- Location: MAGiC MaP
- Nearest town: Seaham
- Coordinates: 54°48′47″N 1°22′48″W﻿ / ﻿54.81306°N 1.38000°W
- Area: 6.0 ha (15 acres)
- Established: 1998
- Governing body: Natural England
- Website: Hesledon Moor East SSSI

= Hesledon Moor East =

Site of Special Scientific Interest in Durham, UK

Hesledon Moor East is a Site of Special Scientific Interest in the County Durham district in east County Durham, England. It is located on the southern edge of the village of Murton, 10 km south of Sunderland and a little under 2 km north-east of Hesledon Moor West SSSI.

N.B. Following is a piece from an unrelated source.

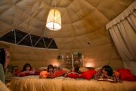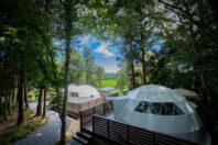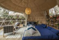 グランピングドームは2-3人用の小ぶりの方に泊まりました。大きい方のドームは目の前が芝生で景色も抜けてるのですが、小ぶりのドームの方は森の中にあるので、虫とかが気になる方は少し難しいかもです。ドームは写真通り素敵な内装で楽しく過ごせました。食事もすごいボリュームで美味しかったです。

The site consists of two non-contiguous parcels of land. Most of the larger portion is covered by unimproved neutral grassland, a habitat that was once common on the Magnesian Limestone plateau of east Durham but is now reduced to scattered fragments, of which this is the best surviving example. The dominant grassland species include common bent, Agrostis capillaris, sweet vernal-grass, Anthoxanthum odoratum, and crested dog's-tail, Cynosurus cristatus. In places the grassland displays a weakly developed acidic character; common bent and sheep's fescue, Festuca ovina, are the dominant species.

A short distance to the south, the smaller parcel supports a base and nutrient-rich soligenous fen-type vegetation in which the dominant species varies between purple moor-grass, Molinia caerulea, and meadowsweet, Filipendula ulmaria.